Я не знаю, как вести себя с другими людьми, и не знаю, как остановить себя от того, чтобы видеть в каждом потенциальную угрозу.
Даже сейчас, неделю спустя, я все еще не могу по-настоящему заснуть: один глаз всегда открыт, чтобы убедиться, что никто не собирается нападать.
Я готовлюсь к опасности, как зверь в клетке, которого внезапно выпустили на свободу. Приманка дикой природы кажется коварной, поскольку в моем сознании живут только воспоминания о неволе.
И люди заметили. Все заметили.
Я отдал дань уважения своему брату в его доме, и даже он, прикованный к постели и едва владеющий всеми своими способностями, мог видеть, что я уже не тот.
Но в то время как большинство, похоже, настороженно отнеслось к моему новому «я», Циско увидел во мне то, чем можно воспользоваться.
Он сын своего отца.
Он знает, что под поверхностью что-то кипит. Что-то злобное и смертоносное, что он хочет использовать, чтобы уничтожить Гуэрра.
А мне так хочется драки, что я ему позволю.
В конце концов, моя жизнь началась и закончится в Фамильи. Я так долго был ее кулаком и щитом, что не знаю, как быть чем-то иным, кроме как орудием наказания. Тем более теперь, когда все мое существование в течение последних пяти лет вращалось вокруг использования моих кулаков.

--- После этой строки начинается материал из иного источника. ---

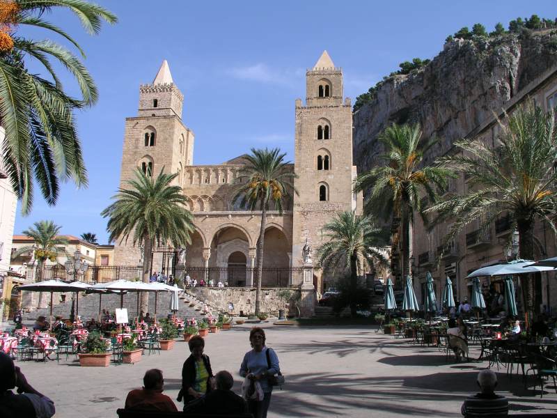 Dattelpalme mit Hintergrund in Cefalu (Sizilien/Nordküste)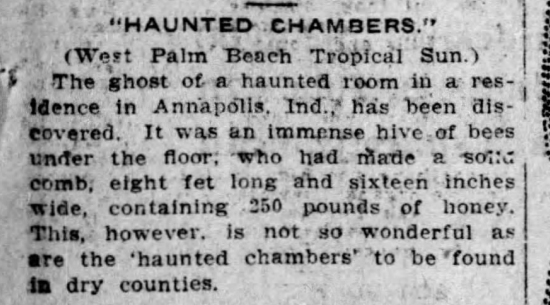 OCR: “HAUNTED CHAMBERS.” ‘(West Palm Beach Tropical Sun.) S , j The ghost of a haunted room in a residence in Annapolis, Ind. has been discovered. It was an immense hive of bees under the floor, ‘who had made a solid comb; eight fet long and ‘sixteen inches wide, containing 250 pounds of honey. This, however, is not so wonderful as re the ‘haunted chambers’”‘ be ‘found In dry counties.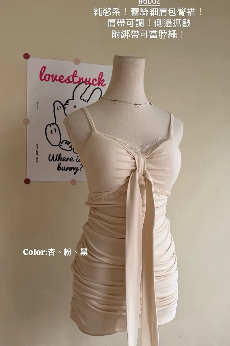 純慾系|蕾絲細肩包臀裙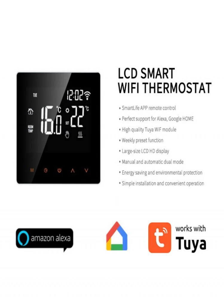 Description: [ LCD Touch Display ] - Elegant appearance, one face design, anti-scratch. Large LCD touch screen display with back light, easy to read. [ APP /Voice Control ] - Smart thermostat that can be controlled by your phone before you come back home. (APP: Tuya / Smart life. voice control by Goolge home alexa) [ Manual/ Auto Mode] - Free to choose manual mode or auto mode for different purposes. [ Accurate Temperature ] - Internal sensor floor sensor, perceptive ambient temperature and the floor's temperature. Automatically obtain the temperature, 1°C accuracy. [ Weekly Programmable ] - The thermostat supports different temperature setting accordingly with 6 time-modes daily. [ Memory Function ] - No need to worry about power failure, data memory when power is off. [ Children Lock ] - Keypad locking function is designed to prevent children from operating by mistake. [ Application ] - Suitable for electric heating/water gas boiler/water heating.Perfect for home, office, shopping mall, hotel, etc. Specifications: -- Type: Wi-Fi smart thermostat -- Material:anti-flammable PC -- Voltage:110-230V AC,50/60HZ -- Max. Current Load: 16A/3A -- Temperature Accuracy: 1℃ -- Temperature Setting: 5-95℃ -- Key: Touch Key -- Item Size: 86 * 86 * 40mm / 3.4 * 3.4 * 1.6in Package Included: 1*EU Toucn Switch 1*User Manual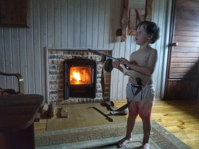 В ней тоже полно всего деревянного, от самодельного боулинга)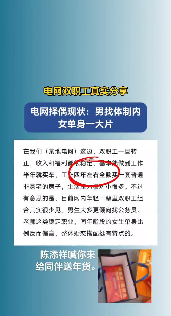 电网员工,是中国最容易全款买房,也最难结婚的一群人。 工作半年买车,四年全款拿下首套房。 生活没压力,婚恋压力却拉满。 男员工找对象,清一色瞄准公务员、教师。 同单位的女同事,反而单着。 “双职工组合”在电网内部几乎绝迹。 这不是个人选择,是整个社会把“稳定”焊成了婚恋市场的硬通货。 经济越波动,体制内的标签就越烫金。 婚姻,从情感联盟变成了风险对冲。 现在年轻人找对象,算的不是爱,是抗风险系数。 两个体制内,等于上了双保险。 一线城市尤其明显,有户口有编制,却挤不进狭窄的社交圈。 电网女的困境,是时代给“体面人”设的局。 当稳定成为最高嫁妆,心动就成了奢侈品。 我们精心计算未来,却唯独算漏了人心。
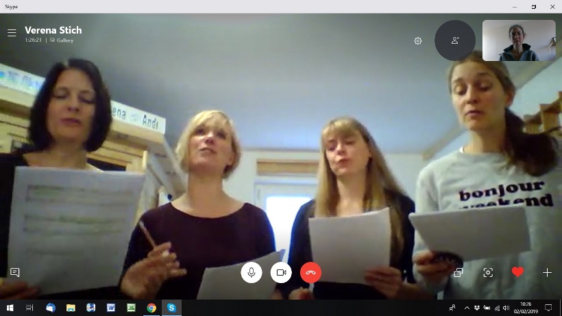Saturday took my musical attention back to Munich, though my body stayed at home. The amenity of Skype allowed me to spend a couple of hours with LaBOOM quartet working on two new songs I arranged for them back in the autumn. They quite sensibly wanted to get this session done early in the learning process, to shape the overall concept of the songs before they’d got too settled in their habits with them.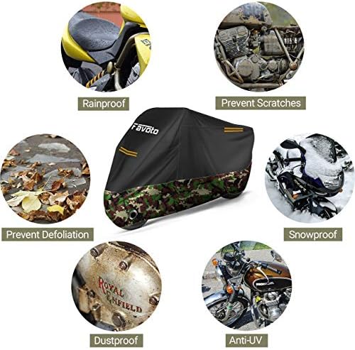 Favoto Motorcycle Cover All Season Universal Weather Quality Waterproof Sun Outdoor Protection Durable Night Reflective with Lock-Holes & Storage Bag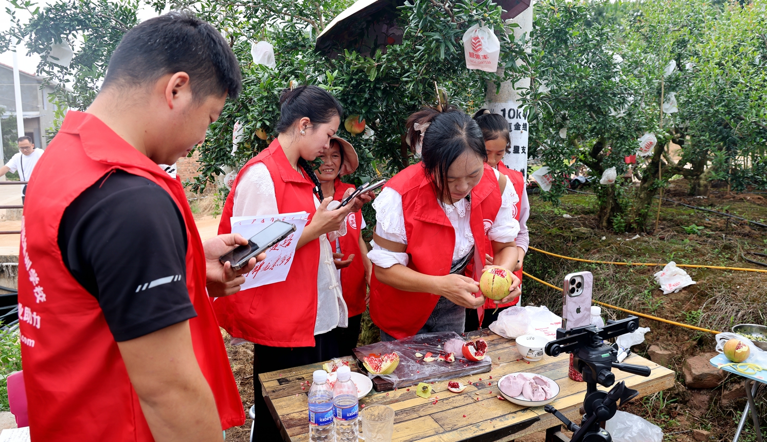 “世界石榴看中国,中国石榴看会理,我们今天就是在会理石榴的原产地……”“感谢大家的陪伴,我们下次再见,下次直播会给大家先发预告。”在石榴园,参加培训班的学员们正尝试直播。

Вернувшись на кухню, я занялся приготовлением еды. Помещение небольшое, и я выбрал эту квартиру именно из-за ее компактности.
После того как я вышел из тюрьмы, я не мог спать на прежнем месте. Слишком много открытого пространства приводило к паранойе, и я никогда не мог устроиться достаточно удобно, чтобы отдохнуть. Найдя небольшую квартиру-студию, где все было в одной комнате, я сразу же переехал.
В том, что у меня нет свободы передвижения, есть своя степень привычности, даже когда я знаю, что теперь я свободен.
Мое внимание привлекает жужжащий звук. Оставит посуду на столе, я медленно отхожу от кухни, следуя за посторонним звуком. У меня закладывает уши, и хотя какая-то часть меня думает, что это моя больная паранойя, я не собираюсь рисковать.
Встав на пальцы ног, я незаметно двигаюсь к источнику звука, мои мышцы напряжены, а кулаки сжаты и готовы к действиям. И в этот момент мне хочется, чтобы кто-нибудь попытался ворваться. Просто чтобы у меня был повод выплеснуть эту жестокость из себя.
Как и ожидалось, дверь сотрясается несколько секунд, прежде чем ручка медленно поворачивается.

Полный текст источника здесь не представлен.